Work instructions: Skip the pictures. Transcribe the rest of the data below without changing a word.
————
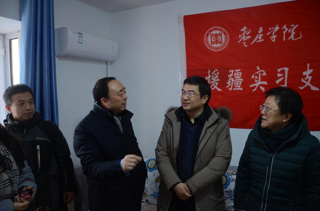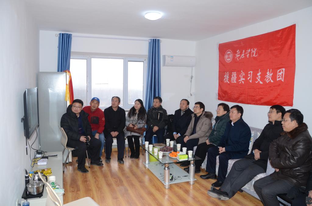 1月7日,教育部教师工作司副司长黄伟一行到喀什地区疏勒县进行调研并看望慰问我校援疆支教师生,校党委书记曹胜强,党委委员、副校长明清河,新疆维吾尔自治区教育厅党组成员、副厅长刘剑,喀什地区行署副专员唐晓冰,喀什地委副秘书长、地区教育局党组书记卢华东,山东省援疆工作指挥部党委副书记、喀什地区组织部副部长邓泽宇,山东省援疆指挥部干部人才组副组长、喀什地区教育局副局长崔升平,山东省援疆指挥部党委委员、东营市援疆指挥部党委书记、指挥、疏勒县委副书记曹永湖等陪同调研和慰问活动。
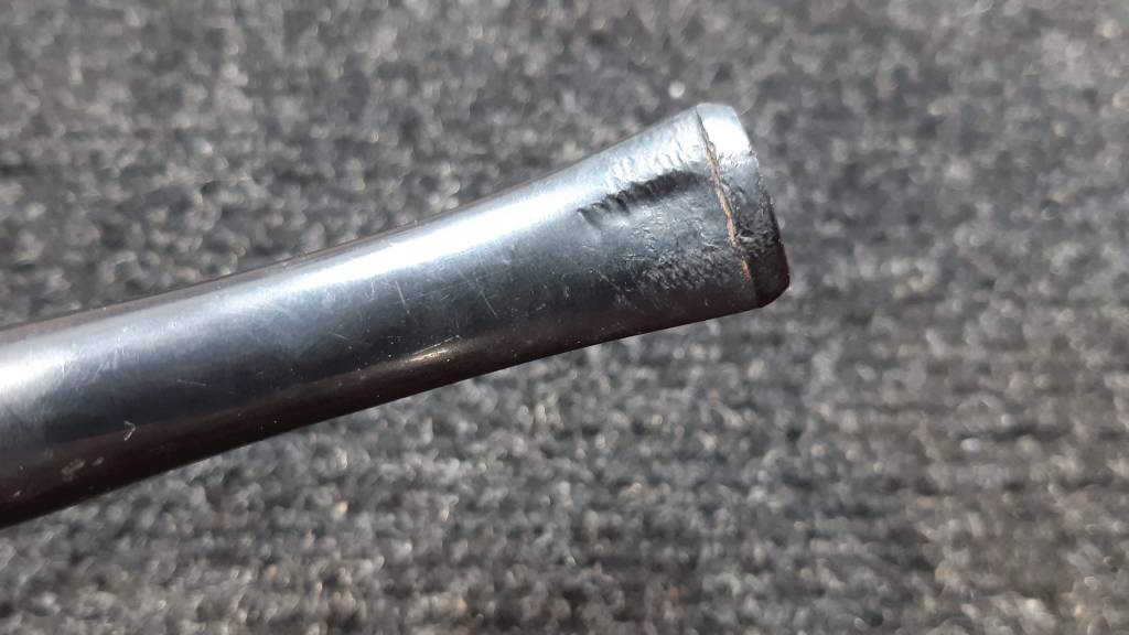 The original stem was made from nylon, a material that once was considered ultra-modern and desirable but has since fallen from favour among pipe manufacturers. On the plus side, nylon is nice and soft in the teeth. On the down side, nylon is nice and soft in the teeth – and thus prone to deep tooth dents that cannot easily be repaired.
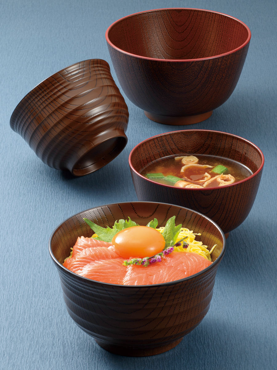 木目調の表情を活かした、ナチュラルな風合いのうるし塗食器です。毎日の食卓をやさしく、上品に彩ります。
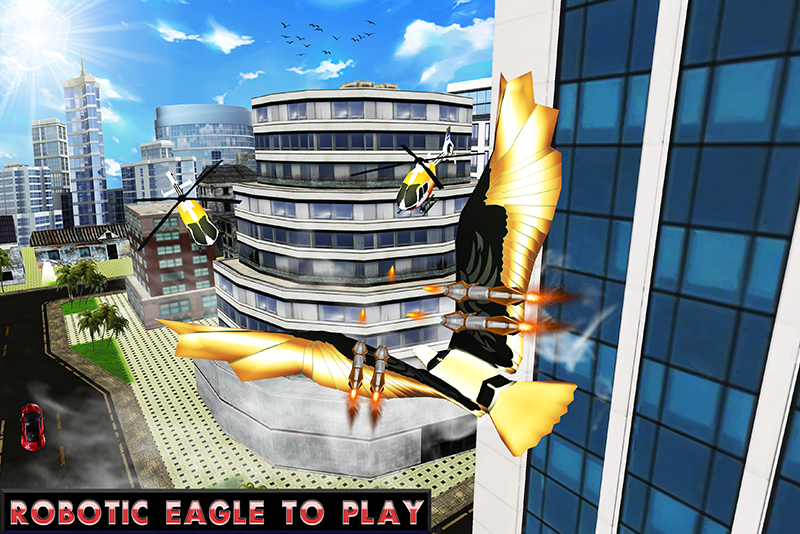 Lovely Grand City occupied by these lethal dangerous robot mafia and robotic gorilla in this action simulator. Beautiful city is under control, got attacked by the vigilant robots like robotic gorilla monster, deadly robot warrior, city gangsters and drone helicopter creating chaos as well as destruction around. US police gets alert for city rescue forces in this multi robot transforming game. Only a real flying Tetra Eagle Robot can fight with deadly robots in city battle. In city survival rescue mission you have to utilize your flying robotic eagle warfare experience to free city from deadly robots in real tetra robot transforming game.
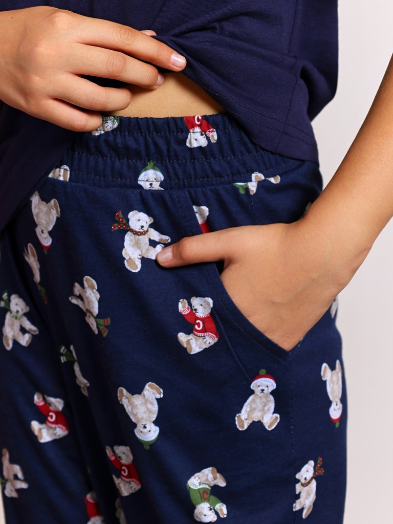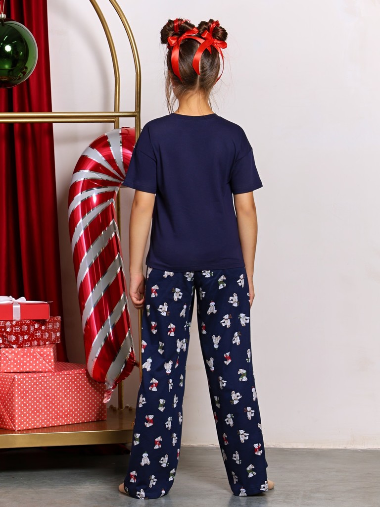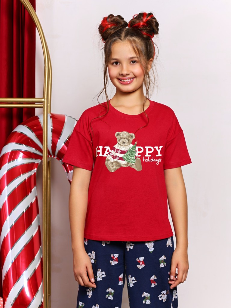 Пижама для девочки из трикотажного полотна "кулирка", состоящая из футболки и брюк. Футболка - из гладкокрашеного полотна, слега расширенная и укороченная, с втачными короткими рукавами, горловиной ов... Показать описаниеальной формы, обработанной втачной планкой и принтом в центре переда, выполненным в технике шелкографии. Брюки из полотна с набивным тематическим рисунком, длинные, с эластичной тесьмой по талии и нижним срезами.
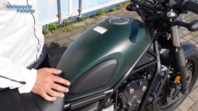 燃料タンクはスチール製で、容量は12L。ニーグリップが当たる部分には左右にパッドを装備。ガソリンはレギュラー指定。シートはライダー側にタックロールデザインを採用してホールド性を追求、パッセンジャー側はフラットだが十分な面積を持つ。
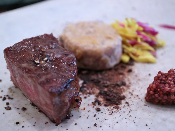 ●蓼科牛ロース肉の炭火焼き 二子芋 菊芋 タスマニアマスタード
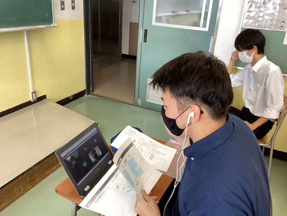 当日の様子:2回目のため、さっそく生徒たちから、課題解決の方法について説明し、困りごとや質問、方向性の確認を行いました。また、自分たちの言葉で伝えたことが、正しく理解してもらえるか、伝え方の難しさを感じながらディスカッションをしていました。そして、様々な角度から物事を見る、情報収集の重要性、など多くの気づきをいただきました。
————
Response to the exercise:
 1月7日,教育部教师工作司副司长黄伟一行到喀什地区疏勒县进行调研并看望慰问我校援疆支教师生,校党委书记曹胜强,党委委员、副校长明清河,新疆维吾尔自治区教育厅党组成员、副厅长刘剑,喀什地区行署副专员唐晓冰,喀什地委副秘书长、地区教育局党组书记卢华东,山东省援疆工作指挥部党委副书记、喀什地区组织部副部长邓泽宇,山东省援疆指挥部干部人才组副组长、喀什地区教育局副局长崔升平,山东省援疆指挥部党委委员、东营市援疆指挥部党委书记、指挥、疏勒县委副书记曹永湖等陪同调研和慰问活动。
 The original stem was made from nylon, a material that once was considered ultra-modern and desirable but has since fallen from favour among pipe manufacturers. On the plus side, nylon is nice and soft in the teeth. On the down side, nylon is nice and soft in the teeth – and thus prone to deep tooth dents that cannot easily be repaired.
 木目調の表情を活かした、ナチュラルな風合いのうるし塗食器です。毎日の食卓をやさしく、上品に彩ります。
 Lovely Grand City occupied by these lethal dangerous robot mafia and robotic gorilla in this action simulator. Beautiful city is under control, got attacked by the vigilant robots like robotic gorilla monster, deadly robot warrior, city gangsters and drone helicopter creating chaos as well as destruction around. US police gets alert for city rescue forces in this multi robot transforming game. Only a real flying Tetra Eagle Robot can fight with deadly robots in city battle. In city survival rescue mission you have to utilize your flying robotic eagle warfare experience to free city from deadly robots in real tetra robot transforming game.
 Пижама для девочки из трикотажного полотна "кулирка", состоящая из футболки и брюк. Футболка - из гладкокрашеного полотна, слега расширенная и укороченная, с втачными короткими рукавами, горловиной ов... Показать описаниеальной формы, обработанной втачной планкой и принтом в центре переда, выполненным в технике шелкографии. Брюки из полотна с набивным тематическим рисунком, длинные, с эластичной тесьмой по талии и нижним срезами.
 燃料タンクはスチール製で、容量は12L。ニーグリップが当たる部分には左右にパッドを装備。ガソリンはレギュラー指定。シートはライダー側にタックロールデザインを採用してホールド性を追求、パッセンジャー側はフラットだが十分な面積を持つ。
 ●蓼科牛ロース肉の炭火焼き 二子芋 菊芋 タスマニアマスタード
 当日の様子:2回目のため、さっそく生徒たちから、課題解決の方法について説明し、困りごとや質問、方向性の確認を行いました。また、自分たちの言葉で伝えたことが、正しく理解してもらえるか、伝え方の難しさを感じながらディスカッションをしていました。そして、様々な角度から物事を見る、情報収集の重要性、など多くの気づきをいただきました。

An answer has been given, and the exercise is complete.